Стены - не гладкие, а как бы состоящие из многоэтажных аркад - обросли мхом и даже как будто водорослями. И под слоем этой странной растительности вдруг начинают угадываться какие-то не вполне явленные образы, существа, какие-то предметы, вещи... И все они были словно бы продолжением друг друга. Постепенно, по мере моего продвижения, вещи приобретали зеркальную поверхность, и в каждом предмете я видел свое отражение. Значит, думалось мне, они все-таки не утрачивают индивидуальности. Тут я понял, что и думаю-то я как во сне - чьими-то готовыми формулировками. Я понял, что этот мир сам по себе не обладает никакой природой. Реальность этих вещей является порождением сознания. Они меняли свой облик, по мере того как я на них пристально смотрел.
Опять же, так бывает только во сне. Неужели я заснул в самый неподходящий момент? Или от страха впал в кому?
Я пытаюсь проснуться, обычно я легко это делаю, когда мне снятся кошмары. Надо там, во сне, закрыть глаза так, чтобы почувствовать собственные веки. А потом открыть глаза.
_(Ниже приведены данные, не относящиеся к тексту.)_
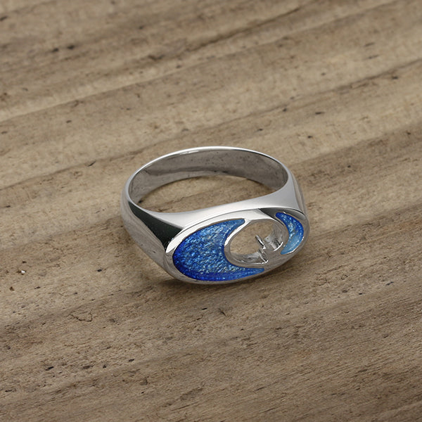 This sterling silver ring from our 'Coastal' collection captures the rolling waves around our coastlines and is hand enamelled with aquatic colourings. Alternative colours are available.

Бесполезно. После десятка попыток, я все еще в башне. Я иду вперед и не слышу своих шагов, словно нахожусь в радиостудии с прекрасной звукоизоляцией. Такой тишины я не ощущал никогда. Не слышно было даже шума в ушах, неизбежного в таких случаях. Это была АБСОЛЮТНАЯ тишина. Мне становится страшно. Кажется, вещи и образы коварно притаились и только ждут сигнала наброситься на меня.
С несказанным облегчение я, наконец, попадаю из мира безмолвия в огромный зал. Высоченный потолок его и далекие стены скорее угадываются, чем видятся. Как морской горизонт в утреннюю пору. Здесь уже нет тишины. Далеко-далеко слышен шум, напоминающий морской прибой. Я иду к незримому морю, и предо мной, словно видения, возникают фигуры людей. Их много, и все они с разных сторон света направляются в одну точку, в которой нахожусь я. Останавливаюсь. Они тоже замирают. Поднимаю руку, они подражают мне. Тогда я догадываюсь, что вся эта толпа - всего лишь мое собственное зеркальное отражение. Это помещение имитирует комнату с зеркальными стенами. Гляжу вниз, под ноги, смотрю на потолок - и везде вижу свое отражение. Я в окружении самого себя, размноженного в бесконечном количестве экземпляров. Ум заходит за разум. Я пугаюсь того, что не могу в точности сказать, кто из них настоящий я, а кто - отражение.